While Senate Minority Leader Mitch McConnell (R-Ky.) and other top Republicans have repeatedly cautioned that taking down well-funded incumbents is no easy task, the GOP has grown increasingly bullish that the party will be able to nab that one additional seat, with Montana serving as the prime opportunity.

Tester has a distinct brand that has served him well in Big Sky country, but Republicans argue that what aided him in his 2018 win will be working against him this go-around. Mostly Republicans argue Sheehy is a stronger candidate than Rep. Matt Rosendale (R-Mont.) was six years ago, and the environment this cycle will almost certainly be better for the GOP.

“I think Tester is as dead as you can be at this stage as an incumbent. I just don’t understand the math that gets him back,” one national GOP operative told The Hill, adding that Trump’s increased involvement there “is obviously helpful” and that “there’s no hurt there.”

Tester backers dispute that assertion.

“We do this every six years. Republicans say Jon Tester is weak and they run the same playbook,” one Democratic strategist with Montana ties said. “I know how much they want Jon to be a weak incumbent, but it doesn’t change the fact that it’s a beltway fantasy. They make it up every six years.”

In Ohio, meanwhile, the national GOP strategist argued Democrats can “run the Romney playbook” on Moreno, making “him out to look like an enemy of the working class.

“There’s going to be a significant amount of Trump/Brown voters. The question is: what can [Moreno] keep that margin at?” the operative said.

“The challenge remains — can Bernie Moreno stand on his own a little bit?” they added

A GOP operative with ties to the Moreno campaign pushed back on that characterization and noted that at this time last cycle, now-Sen. JD Vance (R-Ohio) was down double digits to former Rep. Tim Ryan (D-Ohio), and that Moreno is only down by five, adding that Brown has already gone negative with his ads.

“Any smart operative knows that as statewide name-ID equalizes in the fall, Sherrod Brown’s blind loyalty to Biden is exposed and momentum for Trump-aligned candidate Bernie Moreno’s campaign surges,” the operative continued. “It’s going to be difficult for Brown to hold on in November.”

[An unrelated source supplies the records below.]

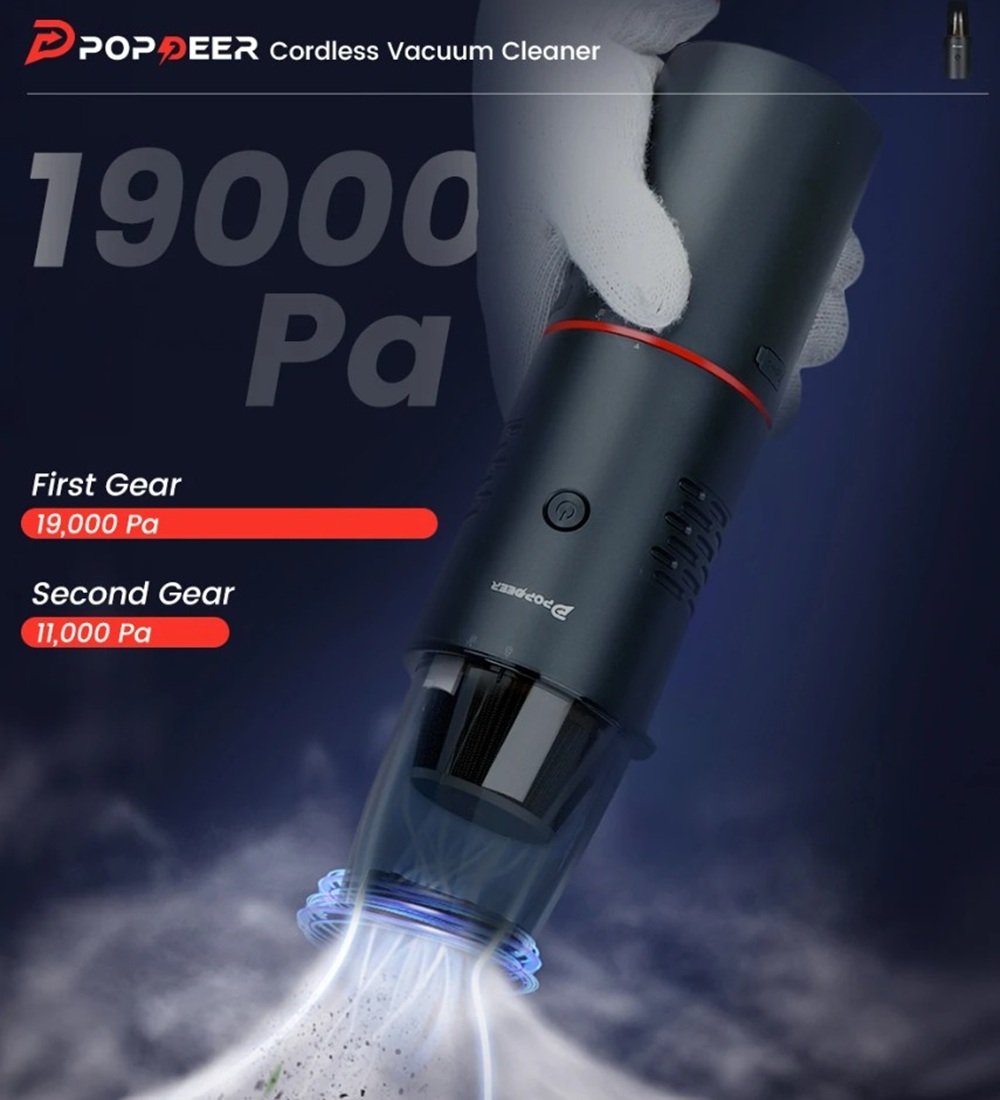 A Popdeer PD-E Pro porszívója két különböző szívóerő-fokozattal rendelkezik, amelyeket a felhasználók a tisztítandó felület és a szennyeződés mértéke szerint választhatnak. Az alacsonyabb fokozat 70 wattos teljesítményt és 11000 Pa szívóerőt kínál a gyors és felületes tisztításokhoz, míg a magasabb fokozat 120 wattos teljesítménnyel és 19000 Pa szívóerővel rendelkezik a makacsabb szennyeződések eltávolításához.
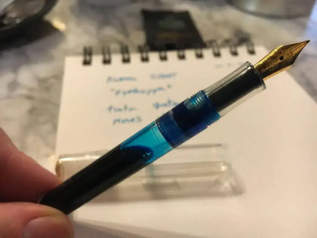 Hoy he comprado una con la idea de convertirla en una eyedropper a lo bruto. Como dicen algunos compañeros, un poco de nívea el la rosca i medio litro de tinta en el barril y a correr. La verdad es que tienen un plumin muy suave que aún siendo M no es muy húmedo.
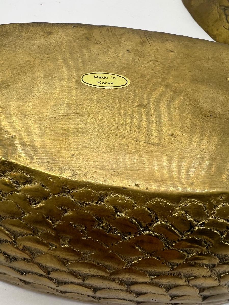 Heavy 12 inches wide and 5 1/2 inches wide. Smaller one is 10 inches long and 4 inches wide.
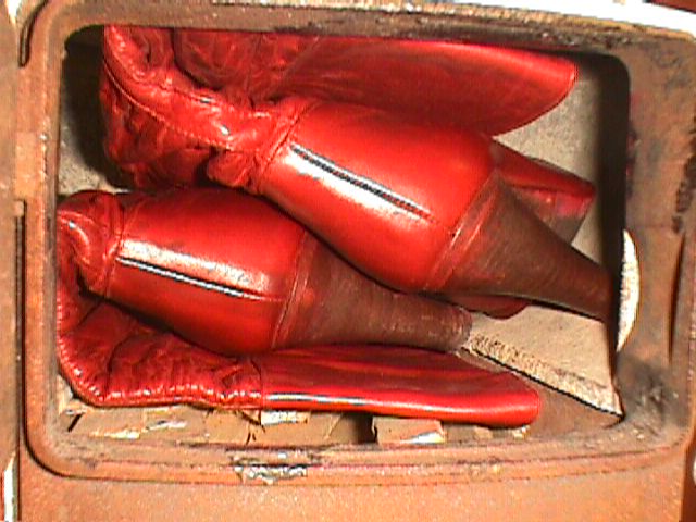 Die Zeilen mit den hellbraunen Stiefeln kann ich nicht oft genug lesen. Bitte schreib doch, ob deine Mutter noch weitere Schlauchstiefel oder Stulpenstiefel, vielleicht mit noch höheren Absätzen verbrannt hat. Hat sie ihre Entscheidungen nach dem Auspacken kommentiert? Welche Stiefel hatten gar keine Chance? Beschreibe ruhig die Farbe der Stiefel (jedes einzelne Paar, das dir noch in Erinnerung ist, ob sich im Laufe der Jahre die Mode geändert hat, vielleicht Stiletto-Absätze oder so. Wie war ihre Vorgehensweise vor dem Kochen oder vor dem Baden, hat sie, wenn zu viele Altschuhe anfielen, Stiefel vielleicht einige Zeit irgendwo zwischengelagert? Hat sie noch geschenkte Stiefel einige Zeit getragen? Was fühltest du, als deine Mutter entschied, ein oder mehrere Paar sehr schöne Lederstiefel, die du gerne gerettet hättest, fest entschlossen und unumkehrlich zu verbrennen. Hast du die Stiefelverbrennungen öfter beobachtet, musstest du einfach hinsehen, wie die Lederstiefel ein Raub der Flamen wurden?

Republicans are also quick to note a number of the ads the Brown campaign has run so far are the types of spots they would consider running for a GOP candidate. Headlining those are recent ads spotlighting hollowed-out automobile plants and affected workers and Brown’s work to mandate that U.S. steel is used for all federally funded infrastructure projects.

An outside group tied to Senate Majority Leader Chuck Schumer (D-N.Y.) also has a recent ad out highlighting  the Interdict Act, which Brown worked on with Trump to prevent fentanyl and other drugs from entering the U.S. It’s that type of messaging that are prompting members to push Trump increasingly into those states.

“What our folks obviously were interested in is just making sure that he sets the record straight and that people in those states understand who he’s backing and that there be no confusion,” Thune said. “There are lots of allusions … in those campaigns to places where they now agree with Trump or are very suggestive that they’re friends and work with him, etcetera.”

“The differences will probably become clear over time,” he added.